Think Again: American Decline

This time it's for real.

"We've Heard All This About American Decline Before."

This time it's different. It's certainly true that America has been through cycles of declinism in the past. Campaigning for the presidency in 1960, John F. Kennedy complained, "American strength relative to that of the Soviet Union has been slipping, and communism has been advancing steadily in every area of the world." Ezra Vogel's Japan as Number One was published in 1979, heralding a decade of steadily rising paranoia about Japanese manufacturing techniques and trade policies.

In the end, of course, the Soviet and Japanese threats to American supremacy proved chimerical. So Americans can be forgiven if they greet talk of a new challenge from China as just another case of the boy who cried wolf. But a frequently overlooked fact about that fable is that the boy was eventually proved right. The wolf did arrive -- and China is the wolf.

The Chinese challenge to the United States is more serious for both economic and demographic reasons. The Soviet Union collapsed because its economic system was highly inefficient, a fatal flaw that was disguised for a long time because the USSR never attempted to compete on world markets. China, by contrast, has proved its economic prowess on the global stage. Its economy has been growing at 9 to 10 percent a year, on average, for roughly three decades. It is now the world's leading exporter and its biggest manufacturer, and it is sitting on more than $2.5 trillion of foreign reserves. Chinese goods compete all over the world. This is no Soviet-style economic basket case.

Japan, of course, also experienced many years of rapid economic growth and is still an export powerhouse. But it was never a plausible candidate to be No. 1. The Japanese population is less than half that of the United States, which means that the average Japanese person would have to be more than twice as rich as the average American before Japan's economy surpassed America's. That was never going to happen. By contrast, China's population is more than four times that of the United States. The famous projection by Goldman Sachs that China's economy will be bigger than that of the United States by 2027 was made before the 2008 economic crash. At the current pace, China could be No. 1 well before then.

China's economic prowess is already allowing Beijing to challenge American influence all over the world. The Chinese are the preferred partners of many African governments and the biggest trading partner of other emerging powers, such as Brazil and South Africa. China is also stepping in to buy the bonds of financially strapped members of the eurozone, such as Greece and Portugal.

And China is only the largest part of a bigger story about the rise of new economic and political players. America's traditional allies in Europe -- Britain, France, Italy, even Germany -- are slipping down the economic ranks. New powers are on the rise: India, Brazil, Turkey. They each have their own foreign-policy preferences, which collectively constrain America's ability to shape the world. Think of how India and Brazil sided with China at the global climate-change talks. Or the votes by Turkey and Brazil against America at the United Nations on sanctions against Iran. That is just a taste of things to come.

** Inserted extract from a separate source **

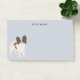 Papillon Cartoon Dog in white and dark brown. Set on solid icy blue background.

Reuters/Brennan Linsley/Pool

"China Will Implode Sooner or Later."

Don't count on it. It is certainly true that when Americans are worrying about national decline, they tend to overlook the weaknesses of their scariest-looking rival. The flaws in the Soviet and Japanese systems became obvious only in retrospect. Those who are confident that American hegemony will be extended long into the future point to the potential liabilities of the Chinese system. In a recent interview with the Times of London, former U.S. President George W. Bush suggested that China's internal problems mean that its economy will be unlikely to rival America's in the foreseeable future. "Do I still think America will remain the sole superpower?" he asked. "I do."

But predictions of the imminent demise of the Chinese miracle have been a regular feature of Western analysis ever since it got rolling in the late 1970s. In 1989, the Communist Party seemed to be staggering after the Tiananmen Square massacre. In the 1990s, economy watchers regularly pointed to the parlous state of Chinese banks and state-owned enterprises. Yet the Chinese economy has kept growing, doubling in size roughly every seven years.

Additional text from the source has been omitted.